In a moment of madness, I decided to join a square-dancing class. I figured it would be good exercise and wouldn’t be that hard to learn. I mean how hard could it be to do-si-do?
Well, I got the first part right. It is good exercise. I clock more than ten thousand steps during class. Dancing is also good for the brain. According to Psychology Today,research shows that dancing reduces incidences of dementia and Alzheimer’s.
As for the easy part: forget that. Square-dancing requires memorizing hundreds of steps and learning a new language. The director told us that if we got lost, to just stand still and look confused. Now That I can do.
In spite of the challenges, the one thing I really enjoy is the courtesy. Call me old-fashioned, but I love the way partners bow and honor each other. Though dress is informal, almost everyone dresses up a bit, which adds to the fun. The best part? There’s no shortage of cowboys. Yee-haw!
The various square dance movements are based on the steps and figures that were used in traditional folk dances from different countries. Folk dances were originally gala occasions where news would be swapped, and courtships formed.
The early colonists brought popular folk dances from France, Italy and Britain with them. However, following the American Revolution, the British dances fell out of favor and the French dancing styles took over. Many French terms like “do-si-do,” “allemande” and “promenade” are still used in square dancing today.
The French were not satisfied with the long double line of an indefinite number of couples, so they concentrated on the square limited to four couples. These squares were known at first as “French contra-dances,” or more simply as “French dances.”

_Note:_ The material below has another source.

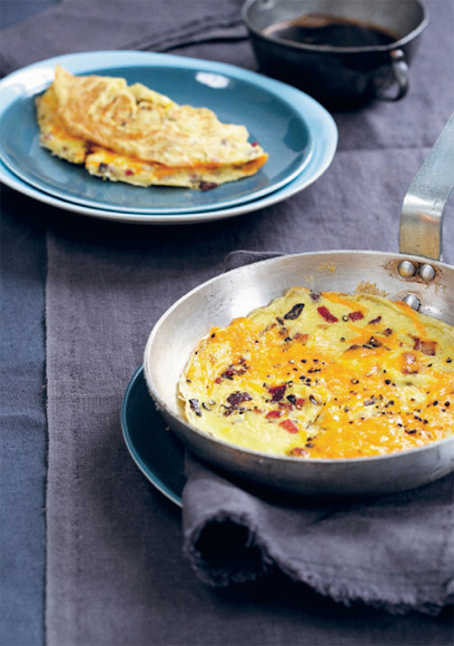Omelette with caramelized red onion and Red Leicester
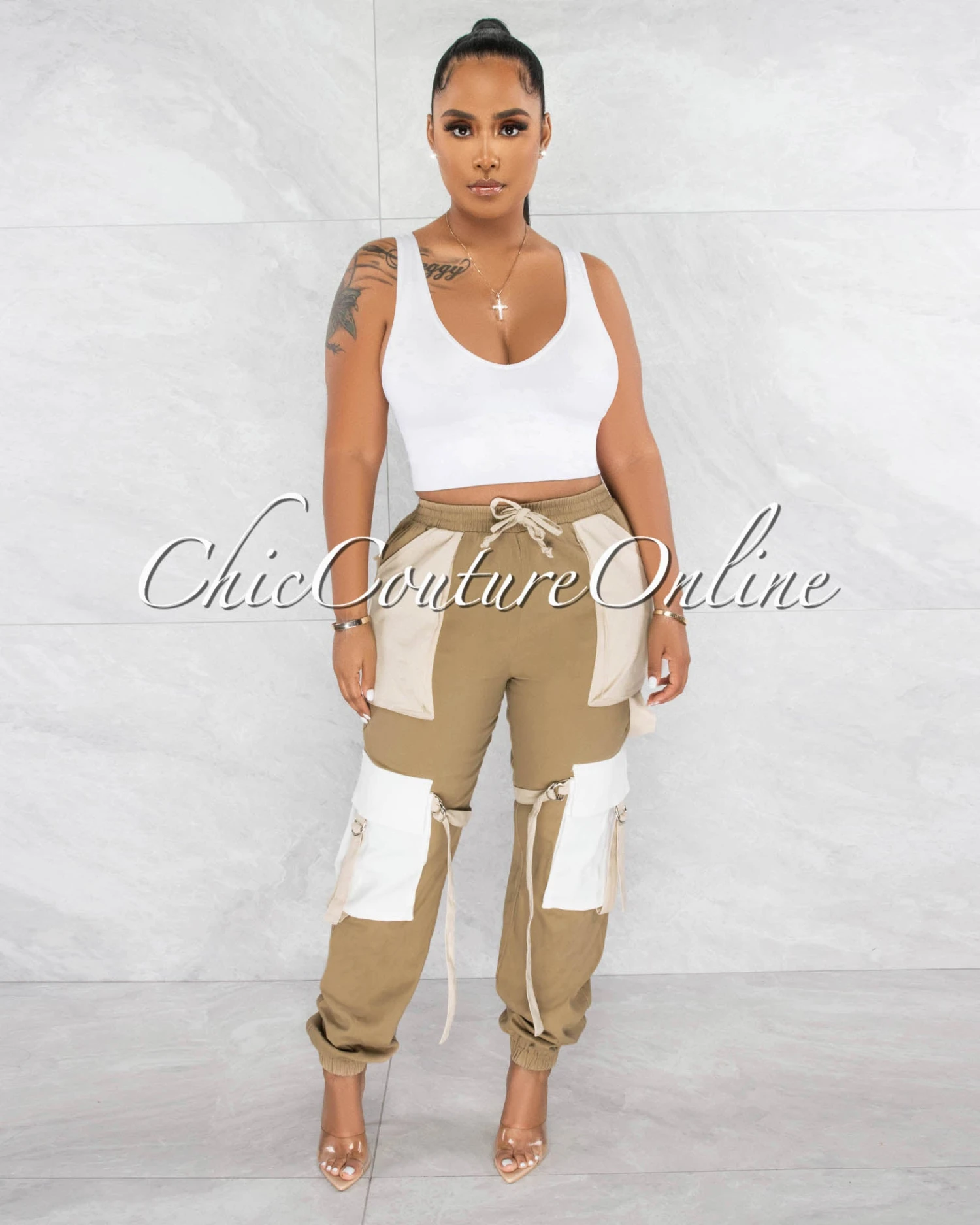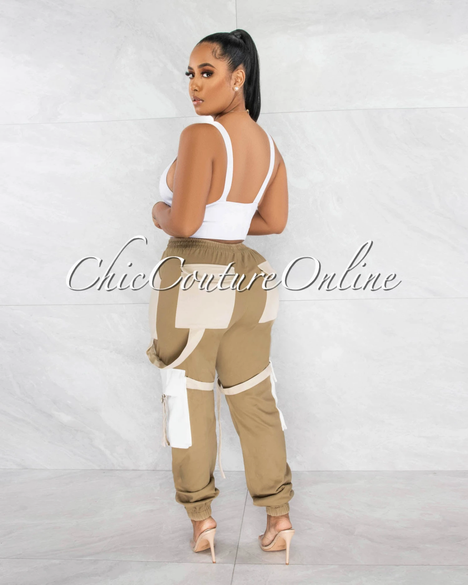Juniva Nude Tones Silver Buckles Cargo Jogger Pants

Dance historian Phil Jamison writes in his book, Hoedowns, Reels, and Frolics: Roots and Branches of Southern Appalachian Dance that in addition to European dances, African American and Native American dance forms contributed to the development of square dance.
The dances done in early America didn’t have a “caller,” or someone who yells out the moves to dancers. Rather, the expectation, Jamison says, was that dancers went to school, memorized the moves, then went to the ball.
“Square dancing in those early days was done to live music that was almost always played by African-American musicians. It’s believed that many of these musicians became callers due to the gap in literacy and formal training among slaves of the time.”
Jamison says he found evidence of an African American caller dating back as early as 1819 in New Orleans. Other African American dance moves, instruments like the banjo and fiddle, and call and response traditions were also incorporated.
There have been several attempts to have square dancing designated the national dance but, so far, the efforts have been defeated. However, according to The Smithsonian, thirty-one states now claim square dancing as the official state dance.
Square Dancing has changed through the years to fit the needs of the people doing it. All ages can join in the fun and there are many LGBT clubs. There are also groups for the handicapped.
Though square dancing, as we know it today, is now an American dance, it’s popular the world over. S.Foster Damon wrote in his book, The History of Square Dance, “Square-dancing is greater than any one nation: it is democracy itself, in dance form. Can anybody think of a better way to spread the spirit of democracy?”